Since the test set was not used during training or model selection, it provides an unbiased estimate of how the model will perform on new data.

### 2.5 Key Points
- Training set: Used for learning model parameters
- Validation set: Used for model selection
- Test set: Used for evaluation of final model
- Avoid overfitting by keeping test set fully isolated

<hr>

# 3. Machine Learning Model Development Workflow

### 3.1 Introduction
The workflow of developing a machine learning system often involves a continuous cycle of idea generation, model training, and evaluation. It's quite rare for a machine learning model to perform exceptionally well on its first run. An integral part of the machine learning model development process involves deciding what to do next to enhance the model's performance. A practical approach to determining the next steps in improving a model's performance involves examining the model's bias and variance. A model's bias and variance can provide useful insights into its performance and guide the steps needed to improve it.

### 3.2 Bias and Variance
In machine learning, bias refers to an algorithm's tendency to consistently learn the wrong thing by not taking into account all the information in the data. **A high bias algorithm often results in underfitting,** where the model is too simple to capture the complexity of the data and does not perform well.

On the other hand, variance refers to an algorithm's sensitivity to small fluctuations in the training set. **A high variance algorithm results in overfitting,** where the model performs well on the training data but does not generalize well to unseen data.

### 3.3 Linear Regression Example
Consider a dataset that we want to fit a model to. We have a few options:
- Fitting a straight line (linear model) might not work well because it underfits the data, hence resulting in a high bias.
- Fitting a high-degree polynomial may overfit the data, capturing not only the underlying trend but also the noise in the data, leading to high variance.
- A model with a degree in between, like a quadratic polynomial, might be a good fit, neither underfitting nor overfitting the data.

### 3.4 Bias-Variance Trade-off
The concepts of bias and variance are tied to the model's performance on the training set and the cross-validation set:

- When a model underfits (high bias), it performs poorly on both the training set ($J_{train}$ is high) and the cross-validation set ($J_{cv}$ is high).
> $$J_{train} \approx J_{cv} \approx \text{high}$$

- When a model overfits (high variance), it performs well on the training set ($J_{train}$ is low) but poorly on the cross-validation set ($J_{cv}$ is high).
> $$J_{cv} >> J_{train}$$

- These different scenarios lead to the famous bias-variance trade-off in machine learning: models with a lower bias have a higher variance, and vice versa.

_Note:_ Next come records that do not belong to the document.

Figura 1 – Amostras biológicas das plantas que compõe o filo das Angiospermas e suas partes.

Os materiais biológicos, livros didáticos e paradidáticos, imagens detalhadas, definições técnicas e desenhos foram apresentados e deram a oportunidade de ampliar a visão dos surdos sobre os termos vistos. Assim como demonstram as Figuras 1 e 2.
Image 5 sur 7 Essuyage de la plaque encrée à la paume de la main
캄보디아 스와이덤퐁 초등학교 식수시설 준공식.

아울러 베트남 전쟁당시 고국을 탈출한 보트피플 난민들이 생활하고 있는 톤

As the model complexity increases (degree of the polynomial increases), the training error ($J_{train}$) decreases — the model fits the training data better.

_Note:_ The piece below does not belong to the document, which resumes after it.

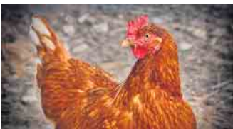
Am 11. und 12. Oktober findet die 98. Ortsschau des Rassegeflügelzuchtvereins Oppenwehe in der Ausstellungshalle des Vereinsheimes statt. (Symbolfoto)

se des im Vorfeld durchgeführten Malwettbewerbes überreicht. Der Sonntagmorgen beginnt um 10 Uhr mit dem traditionellen Frühschoppen, in dessen Rahmen die Siegerehrung vorgenommen wird und einige Auszeichnungen und Ehrungen verliehen werden. Für das leibliche Wohl der Besucher und Gäste wird gesorgt.

However, the cross-validation error ($J_{cv}$) decreases initially, reaches a minimum, and then starts increasing. When the model is too simple, it underfits the data, leading to high $J_{cv}$. When the model is too complex, it overfits the training data, and $J_{cv}$ increases.

Choosing the right complexity for the model, such that both the training and cross-validation errors are minimized, is key to building a successful machine learning model.

<hr>

# 4. Learning Algorithm Performance: The Impact of Regularization Parameter

The choice of the regularization parameter (Lambda or $\lambda$) influences the bias and variance, ultimately affecting the overall performance of the learning algorithm.

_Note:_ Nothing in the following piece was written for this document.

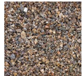
Mainkies 2 bis 8
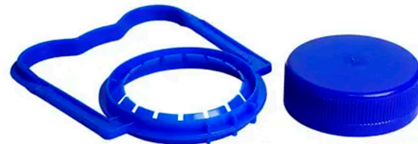
КРИШКА ТА РУЧКА ДО ПЛЯШОК

### 4.1 Regularization Parameter and Model Complexity
We begin with the exploration of the model's behavior under extreme regularization values.

- When $\lambda$ is set to a large value, the model's parameters are compelled to remain small to minimize the regularization term in the cost function. Consequently, this produces a simplistic model with high bias (underfitting) as it doesn't fit the training data well.

- On the other extreme, if $\lambda$ is set to a small value (even zero), the regularization effect is essentially nullified. The model tends to overfit the data, as seen in the form of a high-variance model.

An optimal value of $\lambda$ will ideally strike a balance between these extremes, resulting in a model that fits the data well with relatively low training and cross-validation errors.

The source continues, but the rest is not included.